My eyes stare, heart telling me to give it up to her, open the fucking cage doors I’ve locked down tight all these years. Vico and Winters. Together. Cane even. What the hell is she now?
“You a Winters or Cane now?” I ask. She seems confused, no idea what I’m talking about. I smirk, enjoying the look of chaos clouding her mind. “Hope Winters or Hope Cane?”
“What the hell has that—”
“Because I was thinking about telling you that I love you, but I’d need a name for that.” I shrug, taking a small, slow step towards her. “You know, just so I know who I’m in love with.”

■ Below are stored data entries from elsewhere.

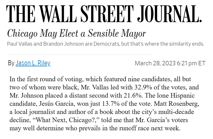 The Wall Street Journal journalist Jason L. Riley cited Wirepoints’ Matt Rosenberg in his new piece about the Chicago mayoral election. Matt said that next week’s election may well hinge on Hispanic voters and their opinions on the city’s crime wave.
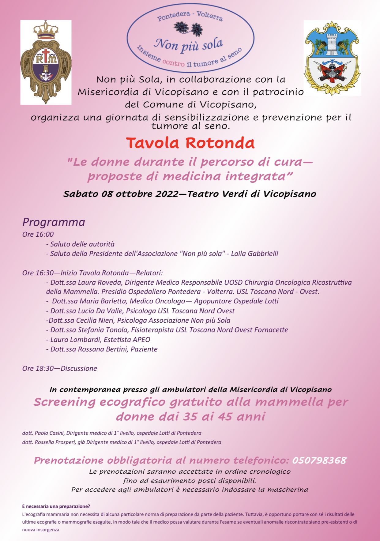 L'Associazione Non più sola di Pontedera-Volterra, in collaborazione con la Misericordia di Vicopisano, con il patrocinio del Comune e il coordinamento della notaia vicarese Maria Antonietta Denaro, ha organizzato una importante giornata di sensibilizzazione e di prevenzione, per quanto riguarda il tumore al seno.
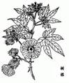 4.树棉是多年生亚灌木至灌木,高达3m。叶掌状5深裂,裂片长圆状披针形。小苞片3,基部合生,三角形,长超过于宽,近截形。蒴果圆锥形,向先端渐狭,长达3cm。花期6-9月。
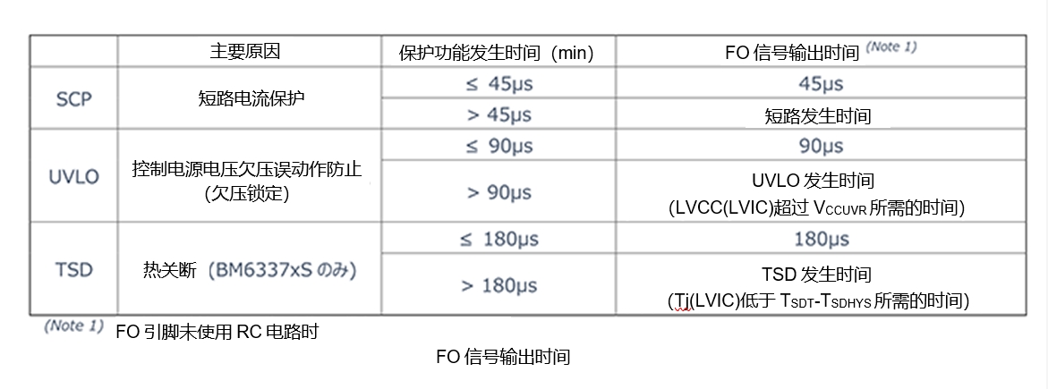 该IGBT IPM系列的LVIC(低边IGBT栅极驱动器)单元内置SCP(短路电流保护)、UVLO(欠压锁定,防止控制电源欠压误动作)和 TSD(热关断保护功能*仅限BM6337xS)等保护功能,如各保护功能的说明中所提到的,当保护功能启动时,FO引脚将从H电平转换为L电平。
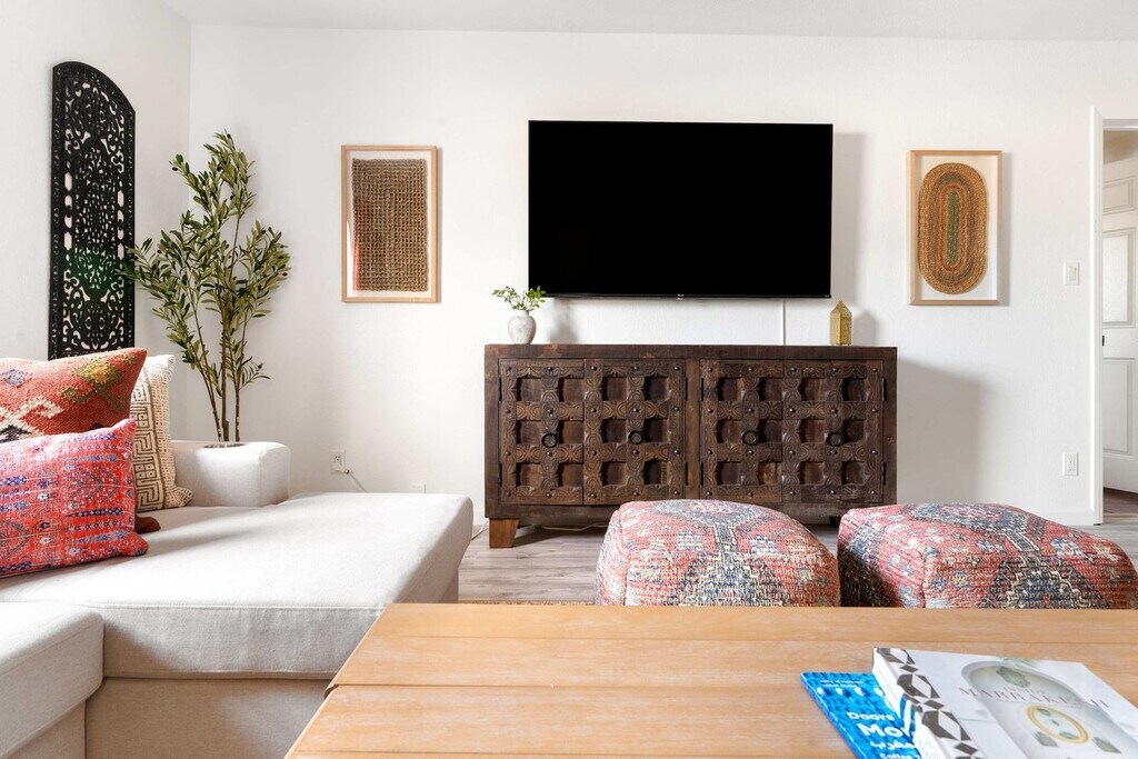This 8-bedroom home in Scottsdale, AZ is a haven for vacationers seeking both relaxation and adventure. With a private heated pool, hot tub, and a sports court for basketball and pickleball, this property offers endless entertainment options. The home also features a kid's playground, a movie theater, and an in-home gym, ensuring that every guest feels at home. The spacious layout includes a private casita, accommodating up to 24 guests comfortably. Welcome to Moroccan Oasis, your ultimate escape! This breathtaking 8-bedroom, 6-bathroom retreat with a private casita is perfect for up to 24 guests, blending fun, comfort, and relaxation. Dive into a backyard oasis packed with games, a movie theater, and endless entertainment! Whether you're lounging by the private pool, challenging friends on the sports court, or enjoying the outdoor dining area, Moroccan Oasis has it all. The fully stocked kitchen with high-end appliances and a large island with high seating is perfect for preparing meals and gathering with loved ones. Up to 2 dogs are allowed for $125 per stay, and we kindly ask that your dog is crate trained and that you pick up after your dog. Parking is available in the driveway for up to 6 cars. Located just minutes from top attractions, dining, and shopping, this home offers easy access to Scottsdale's vibrant lifestyle. Explore nearby destinations like Scottsdale Quarter, Kierland Commons, and TPC Scottsdale, or enjoy cultural experiences at the Musical Instrument Museum. With a variety of restaurants and entertainment options nearby, you'll have everything you need for an unforgettable stay. Check-in is at 4pm and check-out is at 10am. No parties are allowed, and violations may result in immediate termination of the stay. An exterior camera is installed solely to monitor our cleaning team for quality and security purposes. The house is outfitted with a Minut device which monitors noise decibels but does not record, ensuring a respectful environment for neighbors. Guests must be 25 years or older to book this property. The home features a dedicated workspace in several bedrooms, equipped with smart TVs and ceiling fans, providing a comfortable environment for remote work. A laptop computer is not included. Registration Number: TPT 21582036, STR-2024-004542, RR-00443685
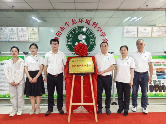 一行人前往襄阳市生态环境科学学会开展交流座谈。学会秘书长黄平介绍了学会的发展历程和运营情况,同时就襄阳都市圈碳中和创新发展研究院的建设进行了详细汇报。敖荣军从学校历史沿革、学校规模、学科建设、科学研究、办学特色等方面介绍了学校,指出学校优势学科与学会的部分专业职能相契合,希望双方能够在环保技术研发、双碳开发及交易、长江大保护等方面加强合作,实现互利共赢。随后,敖荣军代表学校为襄阳市生态环境科学学会共建创新创业实习基地授牌。
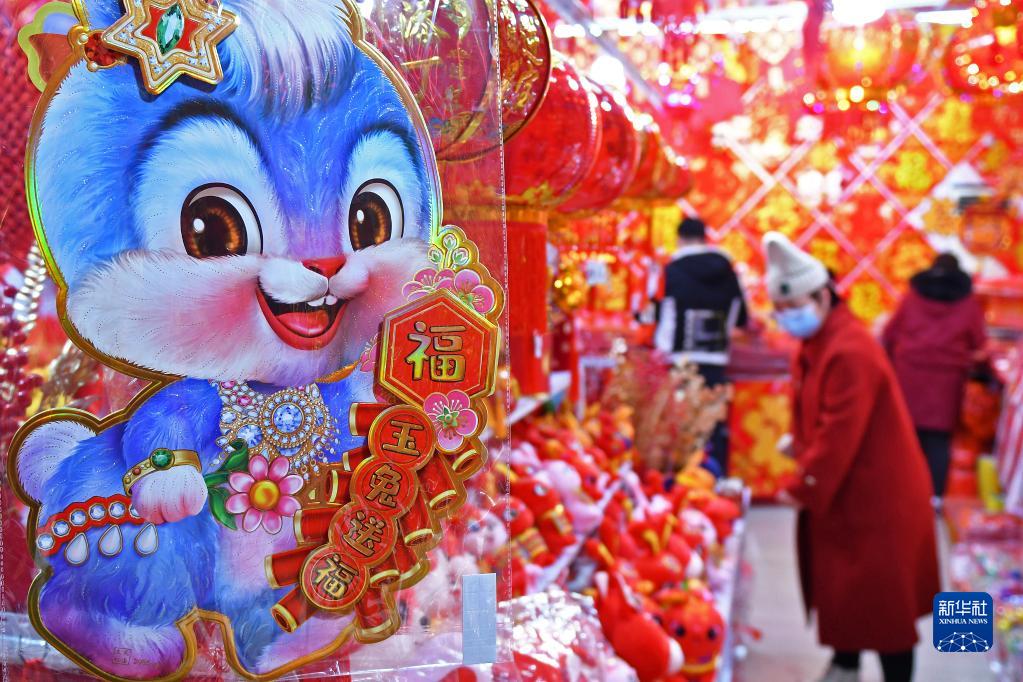 1月9日,在江蘇省揚州市一處小商品市場,居民在選購節(jié)慶飾品。新華社發(fā)(孟德龍 攝)
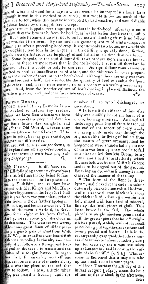 Thunder Stones, Stones falling from the sky. Letter headed B.M. Nov. 10. Printed Dec 1796.
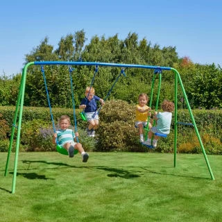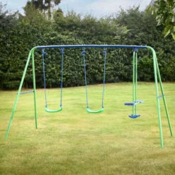 The Double Swing and Glider Set boasts a durable, powder coated steel frame, with a wide ‘A’ style frame providing extra stability.

A smile breaks out on her face. It’s fucking beautiful, enough so that I start to move, then stop. I wait for any questions she’s got instead, give her time to let the information settle.
“You know what that means, right?”
I fucking hope she does. This isn’t a goddamn love story like all the rest of them. This means someone’s inside me. Me. That’s not a pretty place to be. She’ll understand these tattoos, understand how many I’ve killed, how I killed them. She wants in this mind of mine, she’s welcome to come play and try that out for size. It’ll be nice to have someone hear it, take the stains from me every now and then. Maybe she can wipe them down enough for a kid. Blend them, at least.
Still the smile is there as she nods. No quiver in her now. Just a head held high, radiating a beauty that no woman other than her possesses. It’s enough for me to nod, too, and start moving until I’ve got her in my arms this time. Fuck the distance. If that’s what it takes, we’ll go all in. Make it something it hasn’t been before now. For once, I’ll give her something true to hold onto. Me.
“I’m a Winters,” she says, looking up at me. “Always.” She smiles again, her hands coming up to my face. Winters.
“Cold, huh?” It’s what intrigued me about her in the first place, but this touch she’s giving me now, this body pressed against me, that’s anything but cold. It’s warm. Perfect. And mine.
“Except for you.”
And then the fucking kiss comes, the one that seals it all and finds me a home I never thought I wanted. Love, apparently, is worth considering. Consenting to even. It’ll be worth my life, too, if that’s what’s needed to protect them both. We’ll see how that goes, because if there’s one thing I’ve learnt through her vengeance, it’s that love trumps all. Always will now. Anyone fucks with her, or our child, and a war will come so swiftly they won’t know what’s hit them.
That’s what blood means to me. What my family means.
What Hope means.
Epilogue
Six Months Later
The beach house has become my home. I was drawn to it from the moment I stepped foot inside the door, its quiet stillness, the connection to a past that I’ll never be a part of, but accept, because I’m part of the future. Benjamin’s future.